Au cours de ce meeting, M. Philippot a annoncé le soutien d'une ancienne tête de liste de Debout la France dans le Grand Est en 2014, Laure Ferrari.

Partisan d'une sortie de la France de l'UE ("Frexit"), il s'est dit désireux de se "battre pour ceux qui s'appauvrissent, contre toutes les inégalités et toutes les injustices, et (de) rendre au peuple français le pouvoir par une vraie démocratie", à laquelle il a opposé "son antithèse absolue: l'Union européenne".

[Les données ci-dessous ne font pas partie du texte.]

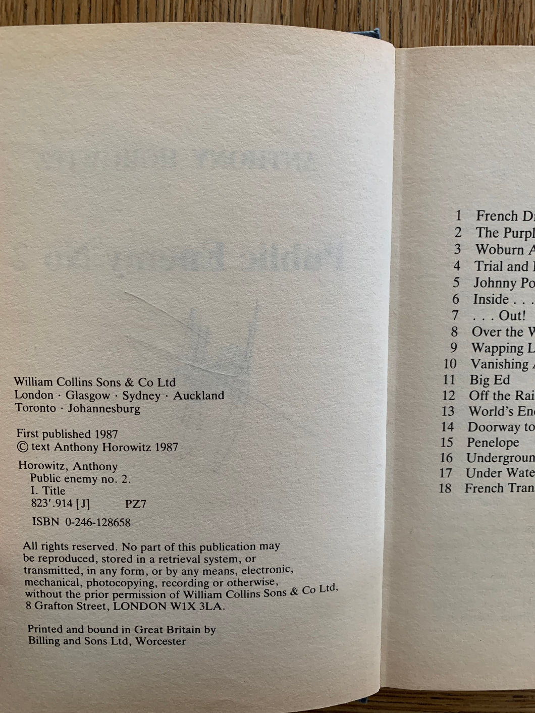 'Public Enemy No 2' by Anthony Horowitz. Published by William Collins. 1987. UK 1st edition.
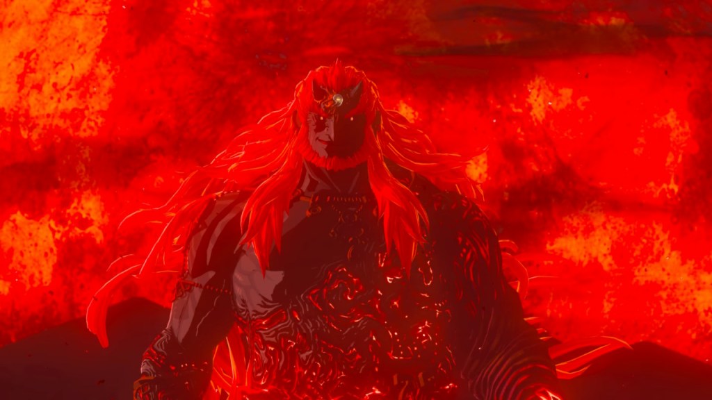 Como la intriga me podía fui directamente al geoglifo gigante que estaba en una llanura en esta nueva región. Se trataba de un nuevo recuerdo de la princesa Zelda. En él aparecía Ganondorf. El hombre Gerudo había arrebatado la lágrima de Sonnia y había acabado con ella. Ganondorf imbuyó la lágrima con su oscuro poder y la lágrima se le acopló a su frente potenciándolo hasta convertirse en el Rey Demonio. Liberó todo su poder e invocó a criaturas hostiles a lo largo y ancho del Reino. Rauru apareció en escena preocupado por Sonnia. Ganondorf le atacó y el Rey de Hyrule se protegió con una barrera mágica. En ese momento Zelda sacó la piedra sheika y teletransportó a los tres fuera del alcance del Rey Demonio. Un recuerdo que me ha dejado completamente impactado.
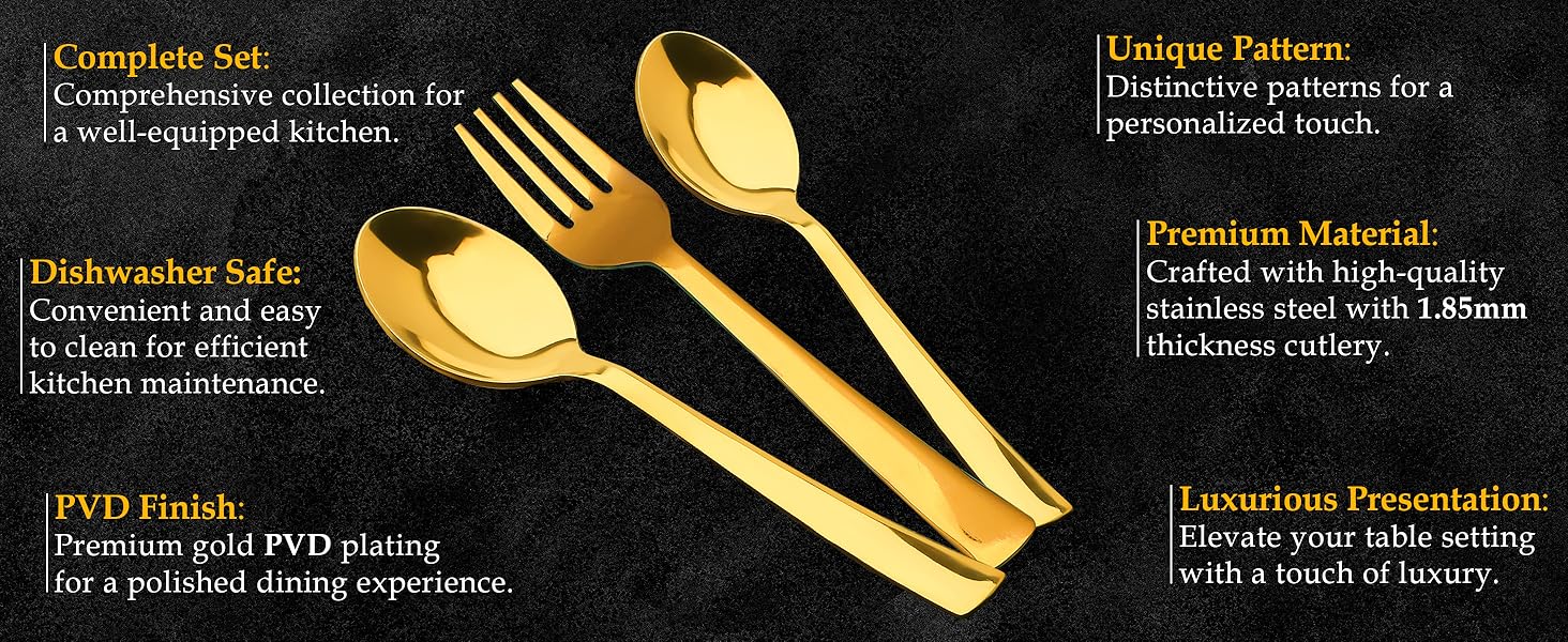 This 18-piece cutlery set features stainless steel utensils coated with durable PVD gold for a luxurious finish that resists tarnish and wear. Packaged in an elegant gift box, it offers a complete dining solution with forks, knives, spoons, and teaspoons. Designed for both everyday use and special occasions, this set combines style with lasting performance, making it an excellent choice for refined table settings and thoughtful gifting.
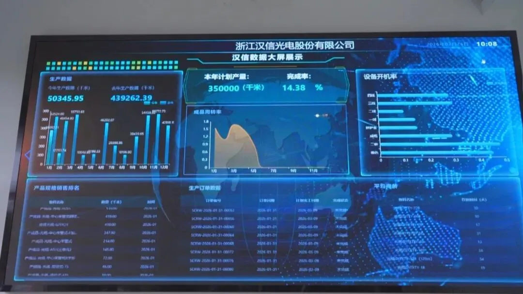 生产车间里,机器轰鸣不停,着色、套塑、成缆各道工序高效衔接,一卷卷成品光缆不断下线。车间智慧大屏上实时显示生产进度、设备运行效率等,数字化生产场景清晰呈现。

"Chacun sent bien, même ceux qui ne veulent pas encore franchir le pas du Frexit, que l'UE nous bloque, que l'UE nous nuit, que l'UE nous fait reculer", a-t-il déclaré.

"L'enjeu c'est donc, très clairement, (...) la révolte contre Macron", mais "au-delà de l'homme lui-même, au-delà du parti lui-même, c’est la mainmise de l’Union européenne sur la France qu’il faut dénoncer", a-t-il souligné.

"La marche des hommes et des femmes en révolte doit aller beaucoup plus loin qu’à l'Elysée ou à l'Assemblée nationale. Elle doit aller jusqu’à Bruxelles" car "'c’est à Bruxelles qu’il faut aller percer le coeur du mal qui tue la France", a-t-il lancé.